## Exercise goal
Every entry below should be returned exactly as it appears, with pictures left out.

## Exercise data
:::
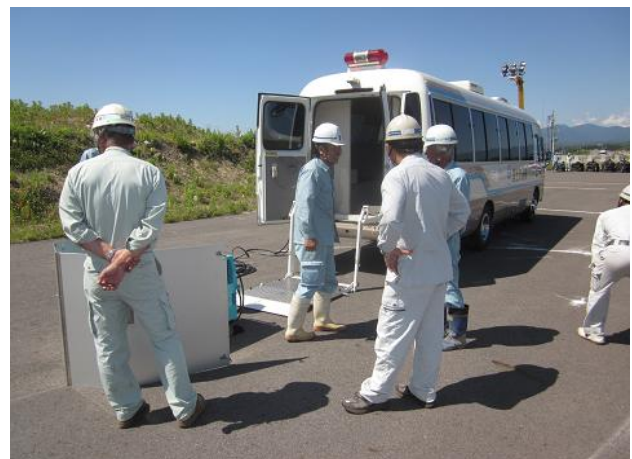
待機支援車設置訓練状況
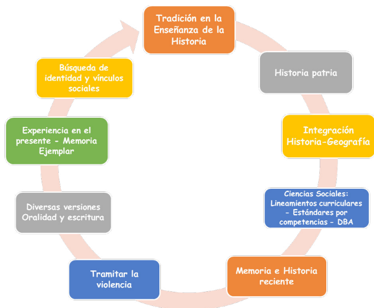
Ilustración 1. Problematización discursiva de la enseñanza de la historia y la memoria.
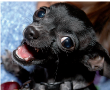
Association de malfaiteurs...

D'autres manifestent plus volontiers ces comportements vis-à-vis de congénères : Akita (près de 30 % manifestent régulièrement ce comportement), Siberian husky, « pit bull » au sens large (terriers de type bull, American Staffordshire terrier et bull terrier du Staffordshire : 22 %), berger allemand (16,4 %), border collie (13,5 %). On éliminait pour ce critère les rivalités sans grandes conséquences qui peuvent survenir entre chiens partageant le même toit. Les races les plus agressives vis-à-vis des intrus (humains) sont selon les auteurs : teckel (plus de 20 % sont coutumiers du fait), Chihuahua (plus de 16 %), doberman, rottweiler, Yorkshire terrier et caniche. A l'inverse, Labrador retriever, golden retriever, basset hound, Siberian husky, bouvier bernois, épagneul breton, lévriers en général ne sont pas d'excellents
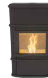
Grande Nobles Plus Pellet Uni Noir
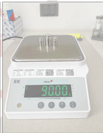
Fig 5. Prueba de carga
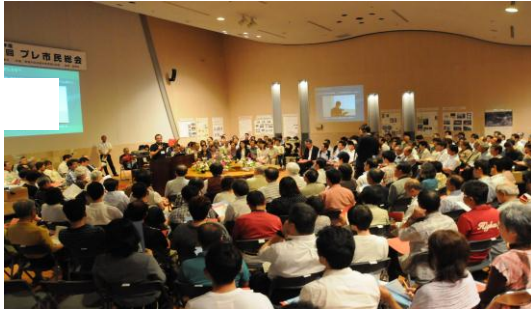
[市民まちづくり集会のイメージ]
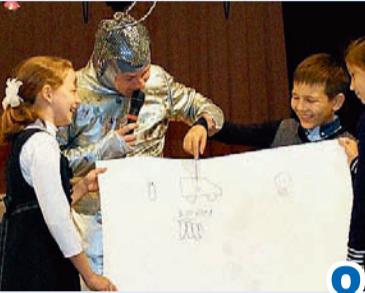
Чтобы газ грел, не обжигая
:::
## Exercise output
待機支援車設置訓練状況
Ilustración 1. Problematización discursiva de la enseñanza de la historia y la memoria.
Association de malfaiteurs...

D'autres manifestent plus volontiers ces comportements vis-à-vis de congénères : Akita (près de 30 % manifestent régulièrement ce comportement), Siberian husky, « pit bull » au sens large (terriers de type bull, American Staffordshire terrier et bull terrier du Staffordshire : 22 %), berger allemand (16,4 %), border collie (13,5 %). On éliminait pour ce critère les rivalités sans grandes conséquences qui peuvent survenir entre chiens partageant le même toit. Les races les plus agressives vis-à-vis des intrus (humains) sont selon les auteurs : teckel (plus de 20 % sont coutumiers du fait), Chihuahua (plus de 16 %), doberman, rottweiler, Yorkshire terrier et caniche. A l'inverse, Labrador retriever, golden retriever, basset hound, Siberian husky, bouvier bernois, épagneul breton, lévriers en général ne sont pas d'excellents
Grande Nobles Plus Pellet Uni Noir
Fig 5. Prueba de carga
[市民まちづくり集会のイメージ]
Чтобы газ грел, не обжигая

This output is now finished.